冒頭は宗教施設や反対運動の過激なデモ模様がレトロな村を舞台とするホラーを感じさせました。そこから監視カメラで囲まれた宗教施設の火災の謎、教祖の死、そしてそれを切っ掛けに生まれた主人公の頭の中に入り込んだ意思。という具合にどんな物語に展開するのか予想できないワクワク感のある読書でした。
あらすじにある通り、SF、ミステリー、恋愛、など当時には珍しいジャンルミックスの作品です。
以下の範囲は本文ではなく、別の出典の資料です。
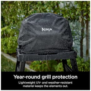 A capa Ninja Woodfire Premium XL foi desenvolvida para proteger churrasqueiras e defumadores elétricos da linha Ninja Woodfire séries OG800 e OG900 em áreas externas. O tecido sintético leve é resistente à água e aos raios UV, ajudando a preservar o equipamento contra sol, chuva, poeira e sujeira.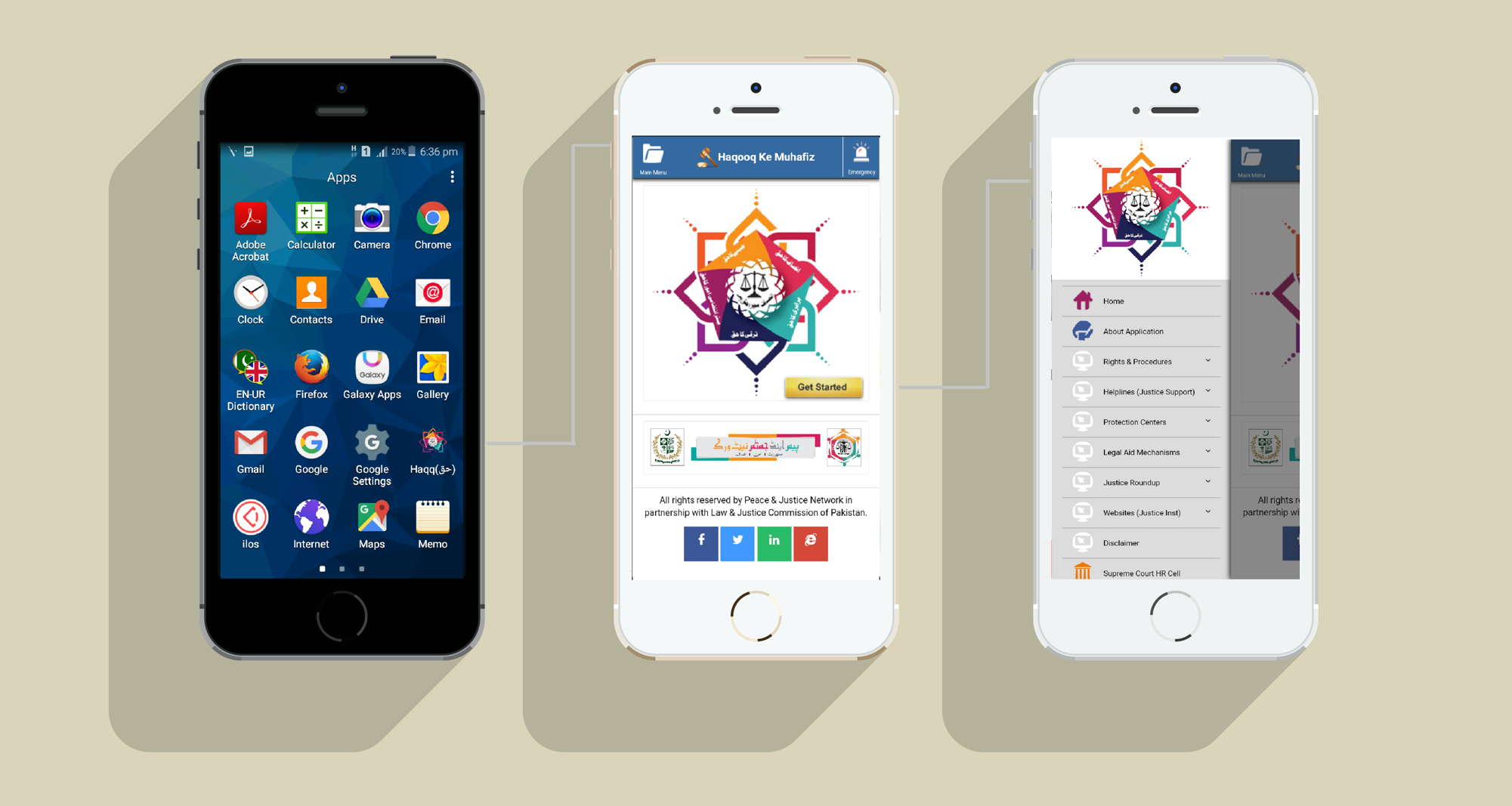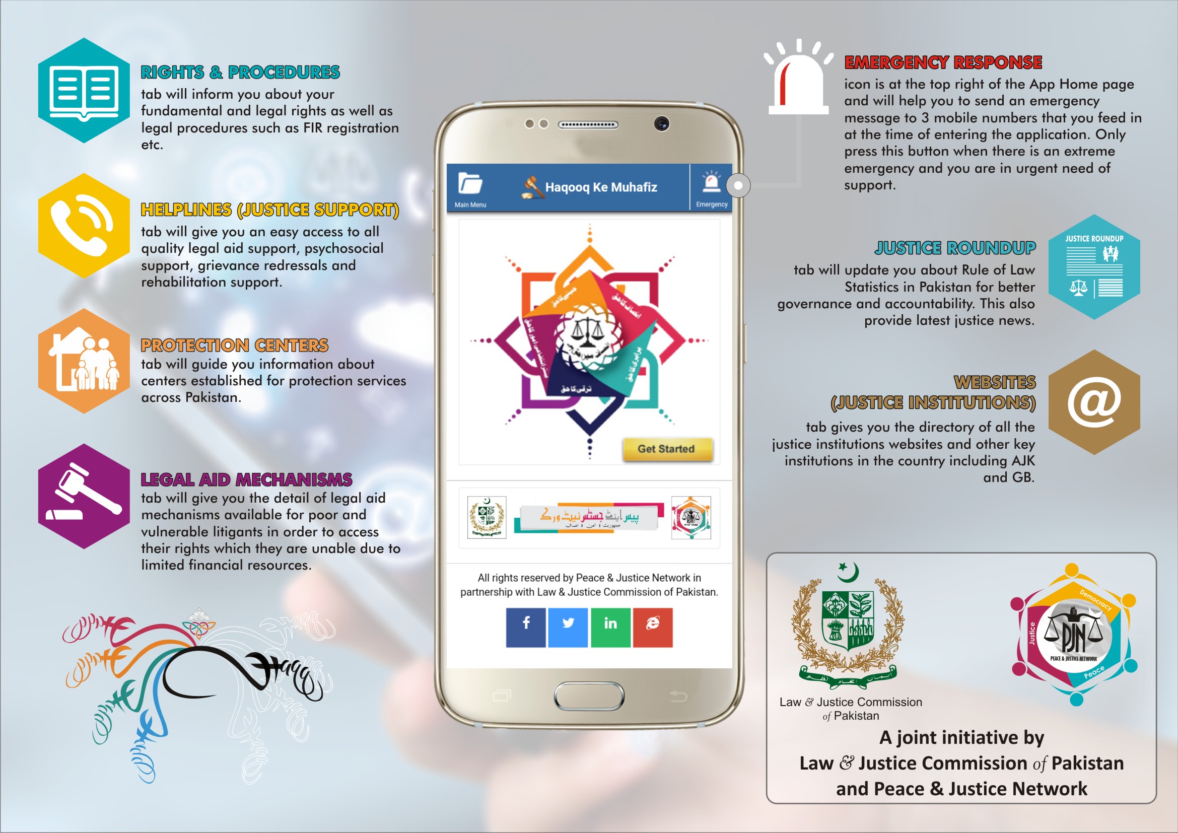 Peace & Justice Network (PJN) in partnership with Law & Justice Commisison of Pakistan (LJCP) launched first ever mobile application on legal empowerment and access to justice on 29th August, 2016 in “National Exhibition on the use of Information Technology in Justice Sector”. Application is available on google play store on following link

所々に生まれる奇妙な違和感がホラーやSFでの演出と思いきや、ミステリー的な解法で巧く繋がるスッキリ感もあり、かなり巧妙な作品だと感じました。
恋愛要素についてはとても好みなのですが、惜しむべきはもう少し男性と女性が惹かれ合う切っ掛けを描いて欲しかったです。あまり説明がないので一目惚れ感が凄くて、そんなご縁でこの行動力は違和感です。ベタですが男性側に頼りがいがあったり、知的な要素があったり、女性を助けたとか何かしらのエピソードがちゃんとあれば個人的に非の打ち所がないと感じる作品でした。